Ads here are like mini films, a lot of them are very good. Ridley Scott started in British ads.
This is my favourite at the moment.


----------



## Sukerkin (Apr 6, 2009)

Aye, that one wriggled nicely along my sense of humour :lol:.


----------



## Tez3 (Apr 6, 2009)

Sukerkin said:


> Aye, that one wriggled nicely along my sense of humour :lol:.


 
Makes me laugh! starts off all mushy and French and then ends up as funny as hell if you share my sense of humour lol!


----------



## Tez3 (Apr 6, 2009)

I like all the Citroen robot ads too.




 
http://www.youtube.com/watch?v=4dilUbkP-PI&feature=related


----------



## donna (Apr 7, 2009)

This has always been one of my favourites


----------



## dnovice (Apr 7, 2009)

this commercial is plain awesome and had one of the better fight scenes I've seen in a movie this year.
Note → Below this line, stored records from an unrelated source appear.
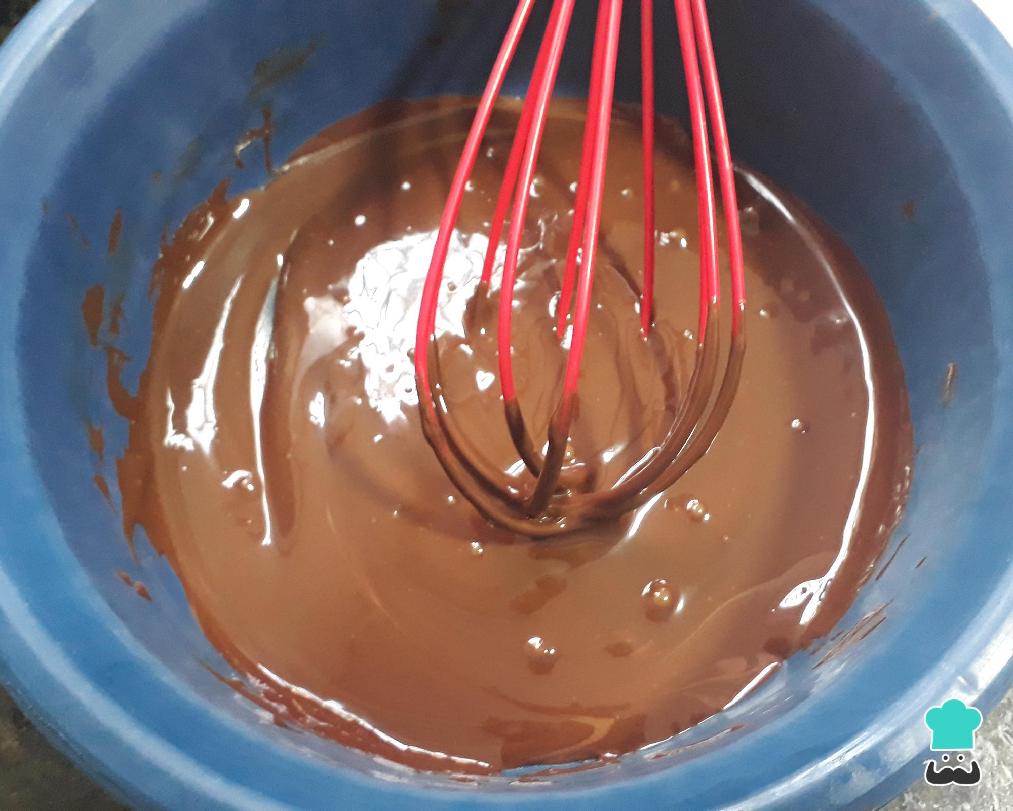 Para a cobertura derreta o chocolate meio amargo de 30 em 30 segundos no microondas. Quando o chocolate estiver bem derretido, acrescente o creme de leite e misture com o auxílio de um fouet. Outra opção é derreter o chocolate em banho-maria.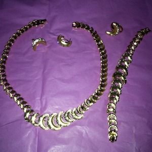 24k gold plated crystallized crescent moon shaped earring, necklace, bracelet and ring set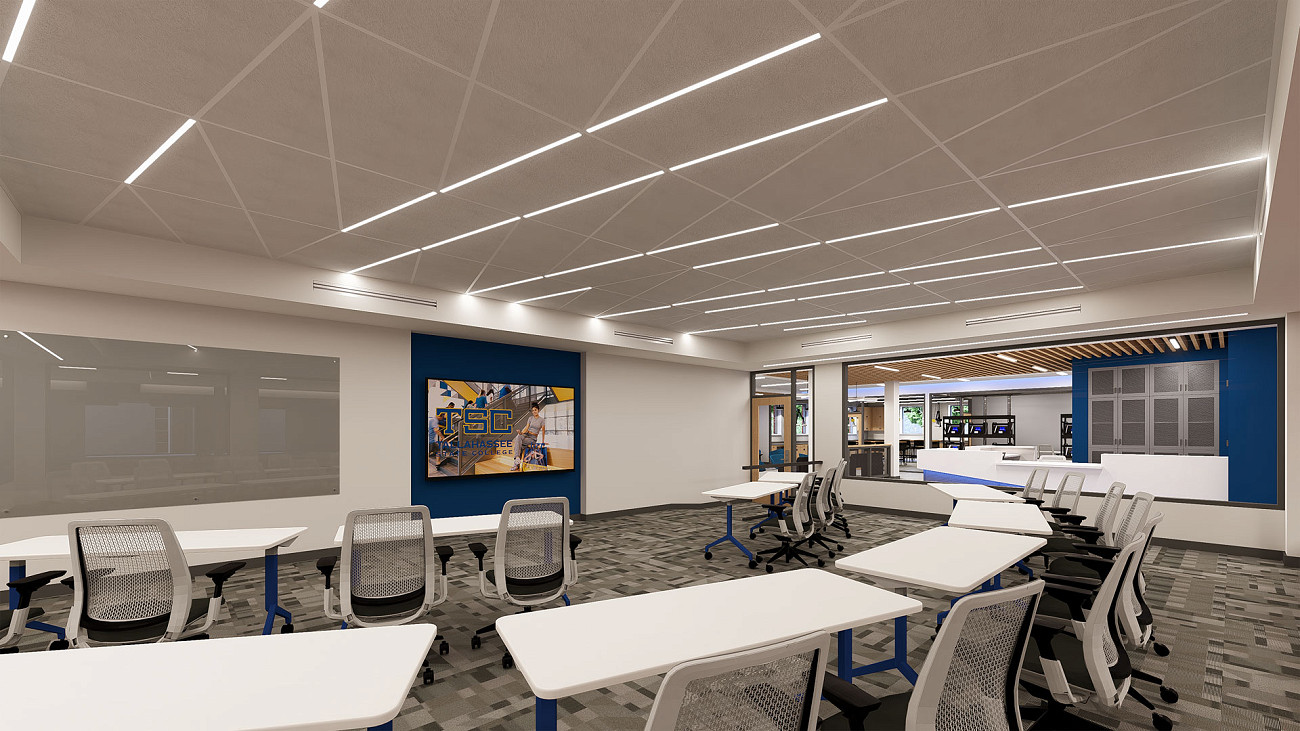 Dynamic ceiling patterns, accent walls, and distinct lighting arrangements give each vocational space its own identity while still maintaining a cohesive appearance overall.

Can they make it into a movie?????


----------



## Tez3 (Apr 7, 2009)

There's been more and more concern over 'casual' violence on television recently and how it affects children. I think it's those concerns that may have been the cause of peoples compliants over the ad which was shown at times when children would be watching.
they may have a point. 
http://news.bbc.co.uk/1/hi/england/south_yorkshire/7987950.stm


----------



## FieldDiscipline (Apr 7, 2009)

I really liked that advert.  Thought he was good too.  Cant believe they've taken that off the air. :disgust:


----------



## crushing (Apr 7, 2009)

We know about the ad and we are talking about it because it was taken off the air.  I probably wouldn't have ever seen it if it weren't taken off the air.  Hmmmmmm.


----------



## FieldDiscipline (Apr 7, 2009)

I never saw the whole thing, just a shorter edited version.  

http://www.guardian.co.uk/media/2008/dec/22/matrix-volkswagen-fight


----------